Sarah and I had a lengthy discussion about his data collection methods because we were trying to figure out just how much information he could have collected from public FB profiles. We randomly went through profiles of people we didn’t know just to see what could be found on those pages. Very often, it wasn’t a lot: the person’s name, a photo, pages (I’m guessing those are fan pages) and friends. Not even the city where they were living was listed. Of course, this method has its limits: we picked a very few samples and made our way through friends’ lists in order to move from person to person. Perhaps a different sample would have given us completely different results.
On the other hand, poking around in FB’s privacy settings, we came across these paragraphs:
When your friend visits a Facebook-enhanced application or website, they may want to share certain information to make the experience more social. For example, a greeting card application may use your birthday information to prompt your friend to send a card.If your friend uses an application that you do not use, you can control what types of information the application can access. Please note that applications will always be able to access your publicly available information (Name, Profile Picture, Gender, Current City, Networks, Friend List, and Pages) and information that is visible to Everyone.
In case you’re wondering, you can find this under Privacy Settings > Applications and Websites.
So maybe Pete was able to collect his data that way, which would explain how he could establish maps of relationships in the US.
The reason I’m writing about this, though, is more than just a question of methodology. It’s how people are taking his results and blatantly applying it to the population as a whole. That is just wrong.

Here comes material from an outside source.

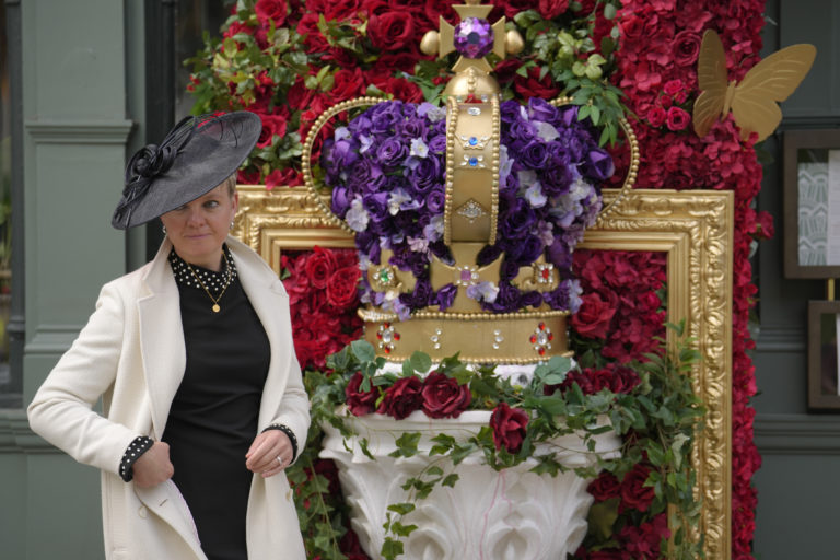 Žena pózuje pri kvetinovej ozdobe koruny, vyrobenej na korunováciu kráľa Karola III. vo Windsore, piatok 5. mája 2023. Foto: SITA/AP

The data that Pete collected may be a good source of information about people who use Facebook, but to then claim that it can be applied to the population in general is just wrong. danah boyd has already shown that there is a difference in the type of people who use FB and those who use MySpace. Does that mean that one is more representative of the general citizenry than the other? Nope. Neither are. They are each sub-cultures of the digital citizenry and the digital citizenry is a sub-culture of the population in general. I know it’s hard to believe, but not everybody is on Facebook.
That map of his may be an interesting look at how FB users are interconnected but it doesn’t mean that it’s true of people in the US in general.
Now I’m going to get all scientific-y and note that it’s quite possible that the data collected could turn out to be a good approximation of how the general population behaves but we can’t assume that that is true.
So in conclusion: Pete Warden’s data? Great for people who want to do research on Facebook users. Not so great for people who want to understand society in general.